Amastra sericea

Scientific classification
- Kingdom: Animalia
- Phylum: Mollusca
- Class: Gastropoda
- Order: Stylommatophora
- Family: Amastridae
- Genus: Amastra
- Species: A. sericea
- Binomial name: Amastra sericea (L. Pfeiffer, 1859)
- Synonyms: Achatinella (Laminella) sericea L. Pfeiffer, 1859 superseded combination; Amastra (Metamastra) sericea (L. Pfeiffer, 1859) alternative representation;

= Amastra sericea =

- Authority: (L. Pfeiffer, 1859)
- Synonyms: Achatinella (Laminella) sericea L. Pfeiffer, 1859 superseded combination, Amastra (Metamastra) sericea (L. Pfeiffer, 1859) alternative representation

Species of mollusc

Amastra sericea is a species of air-breathing land snail, a terrestrial pulmonate gastropod mollusc in the family Amastridae.

- Subspecies
- Amastra sericea anaglypta C. M. Cooke, 1917
- Amastra sericea sericea (L. Pfeiffer, 1859)

==Description==
The length of the shell attains 17 mm, its diameter 9.3 mm

The shell is imperforate, dextral, ovate-conic, and solid, with a surface characterized by coarse striation and minute granulate decussation from spiral striae, giving it a silky texture. Its coloration is deep brown, with a spire that is convexly conic and rather acute.

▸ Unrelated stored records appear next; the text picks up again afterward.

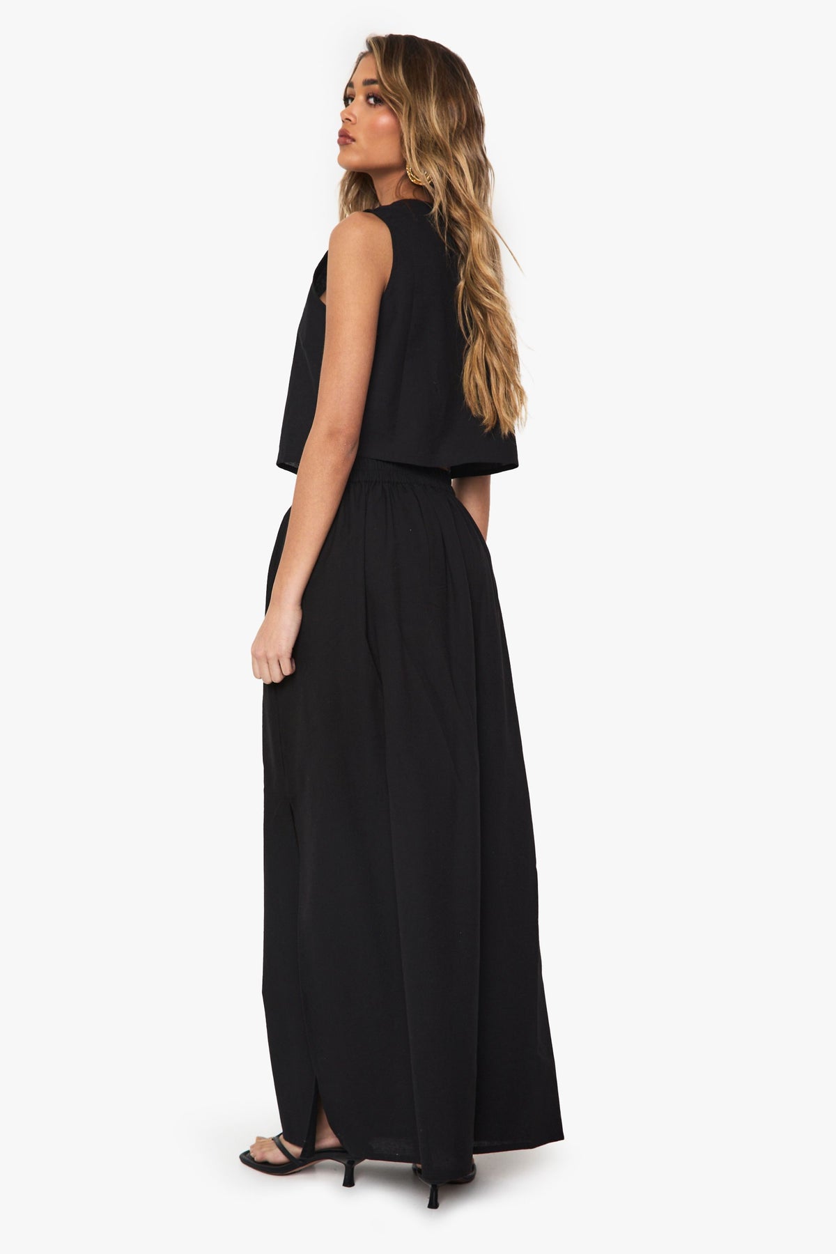 This breezy linen-look co-ord set captures effortless summer style with its contemporary crop top and floor-sweeping maxi skirt combination. The front tie detail creates a customisable neckline that can be adjusted for your desired look, while the flowing maxi skirt drapes beautifully for a relaxed yet put-together appearance. Style with flat sandals and statement sunglasses as seen on our model for daytime casual events, or dress up with metallic accessories and strappy heels for sunset drinks. This versatile set works brilliantly for garden parties, beach holidays or casual family gatherings. Layer with a denim jacket when temperatures drop, or wear the pieces separately to create multiple outfits from your wardrobe. The cotton fabric offers breathable comfort that's perfect for warmer weather whilst maintaining that coveted linen-look texture.Discover Linen Look Tie Front Crop And Maxi Skirt Co-Ord available to buy online at us.boohoo.com. Available with quick delivery and easy return options. Shop now!Discover Linen Look Tie Front Crop And Maxi Skirt Co-Ord available to buy online at us.boohoo.com. Available with quick delivery and easy return options. Shop now!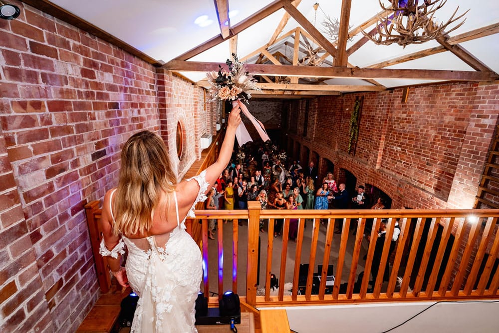 For receptions, Burlton Manor’s main hall invites guests to an inspiring space featuring exposed brickwork, handcrafted oak doors, and towering oak beams. Elegant chandeliers light up the dining area, where an elevated balcony adds a unique view of your celebration. The spacious outdoor terrace flows naturally from the main hall, providing an open area where guests can mingle and enjoy the setting.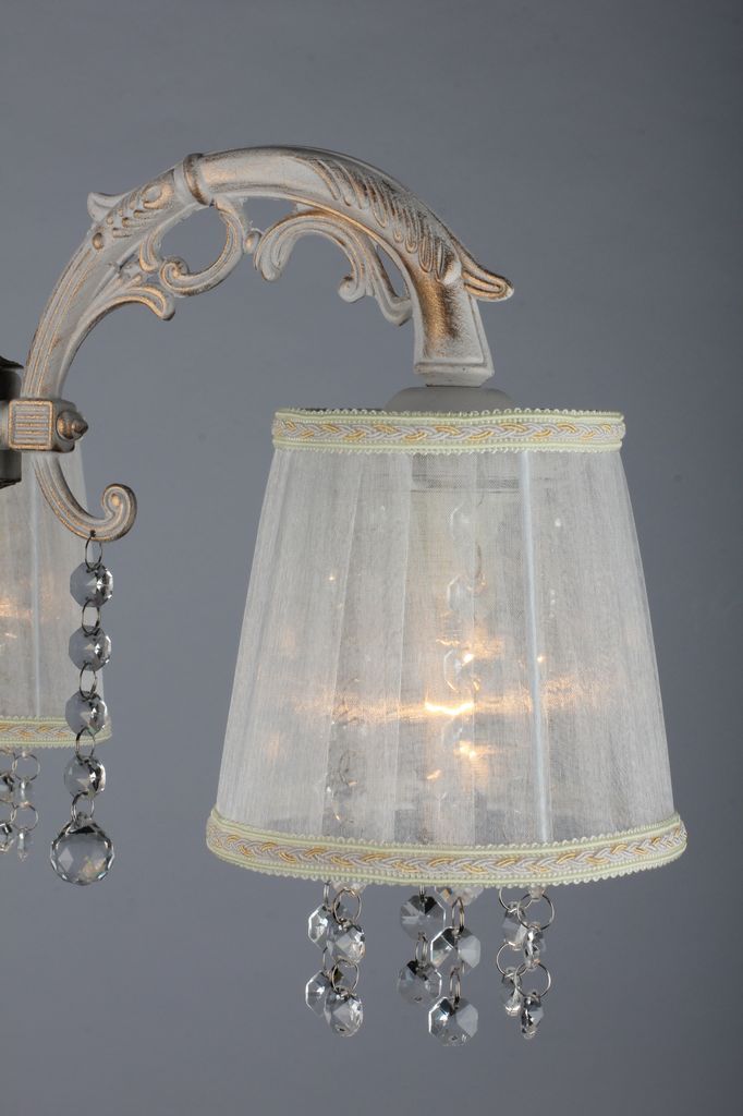 металла белого и золотого цветов. Поверхность арматуры матовая. Плафон изготовлен из текстиля белого цвета, имеет конусную форму и матовую поверхность. Направлен вниз. Осветительный прибор рассчитан на освещение пространства площадью 6 кв. м. Тип цоколя используемых ламп E14. Производитель рекомендует использовать лампы мощностью не более 40 Вт. Суммарная мощность светильника составляет 120 Вт. Лампочки в комплект не входят. Защита от попадания влаги и пыли внутрь изделия не предусмотрена. Рекомендуем к применению в гостиной, кабинете, спальне.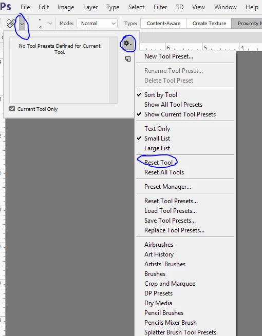 I am trying to work out when i click on the spot healing brush, it's showing up as a cross not a circle. Once i enlarge to like 65 a very small circle then comes up which i am still unable to do anything with. Has anyone had this issue?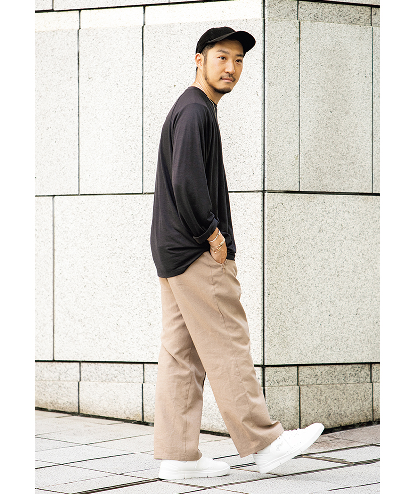 ゆったりとした上下に、あえて白のスニーカーを合わせることで、リラックスした中にも崩しすぎないスタイルを表現。ウェアはすべて佐藤さん私物。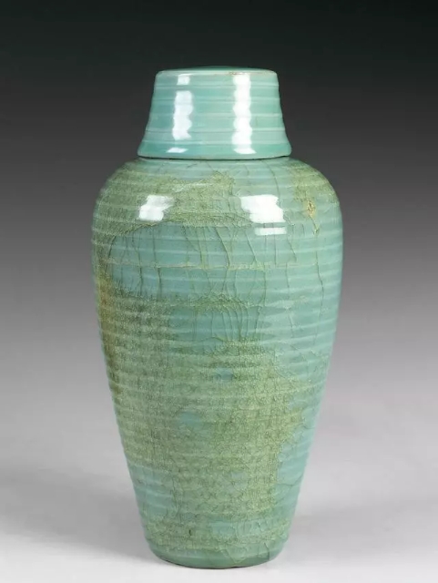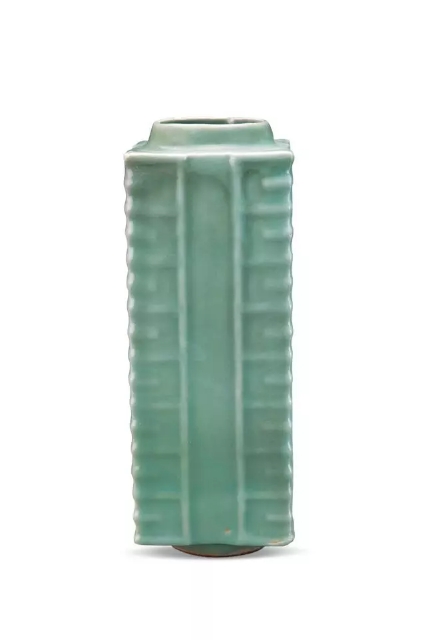 长9.2、宽9.2、高25.5厘米。圆口,短颈,方身,圈足,口径与底径相仿。器身四面有横、竖凸起的直线纹,器身共八节。通体施青绿色厚釉,釉色莹润,足端无釉,露胎处呈灰白色。琮瓶,因其造型似史前玉琮而得名。我们现在所熟知的琮,其实是清末才有的说法。根据台湾大学谢明良的考证,宋人认识中的琮与我们现在所认识的琮有一定的差距。琮瓶的材质除瓷质外还有石质和铜质,后两者目前仅出于四川窖藏,且年代较瓷质的更早。宋代琮瓶具有某种祭仪功能,明人将此种器型的器物称之为“蓍草瓶”,多将其用来插花,成为明代文人案头清供之一。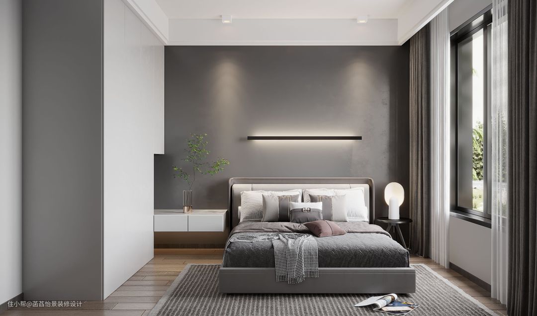 次卧的布置简单舒适,灰色调的床头背景墙加入一盏壁灯,营造出一个精致的氛围感,定制的柜子做的极简的到顶设计,增加空间的收纳。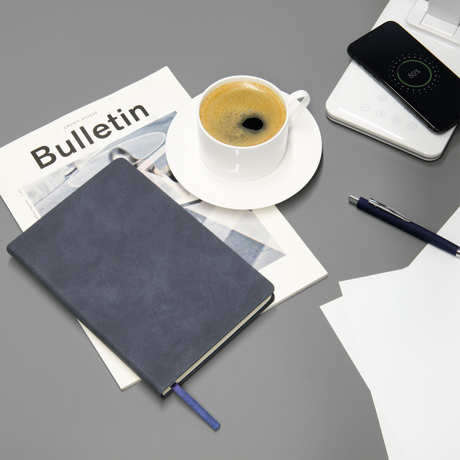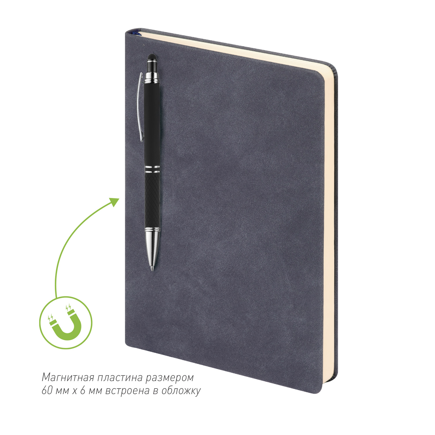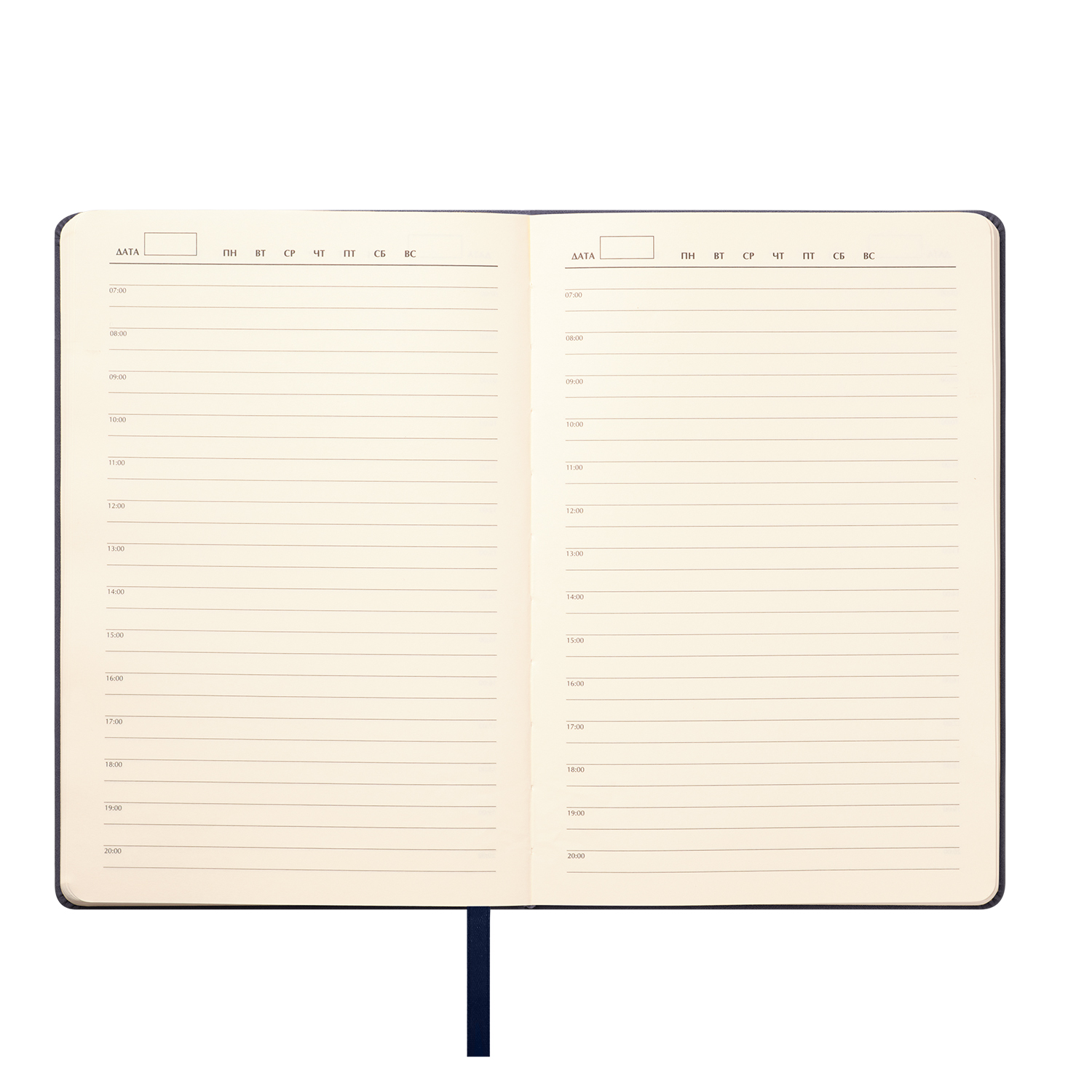 Недатированный ежедневник Portobello коллекции Stella выполнен в жесткой обложке из качественной искусственной кожи со скругленными уголками. Важный элемент коллекции – встроенный магнит, удерживающий ручку. Теперь она будет всегда под рукой. Тактильно очень приятный материал обложки, напоминающий натуральную замшу, придает ежедневнику строгий, но стильный внешний вид. Элегантный и слегка приглушенный темно-синий цвет обложки, гармонично дополняется спокойным кремовым срезом, форзацем и нахзацем. Кремовые страницы со скругленными уголками из гладкого шелковистого офсета. Одинарное атласное ляссе в тон обложке с легким блеском.

The shell comprises nearly six convex whorls, paler at the sutures. The body whorl constitutes two-fifths of the total length and is whitish around the columella. The columella features a short, compressed, and oblique lamina.

The aperture is oblique and elliptical. The peristome is simple and unexpanded, with the right margin forming a nearly semicircular curve and connecting angularly to the calloused columella.

==Distribution==
This rare species is endemic to Hawaii, occurring on Oahu island.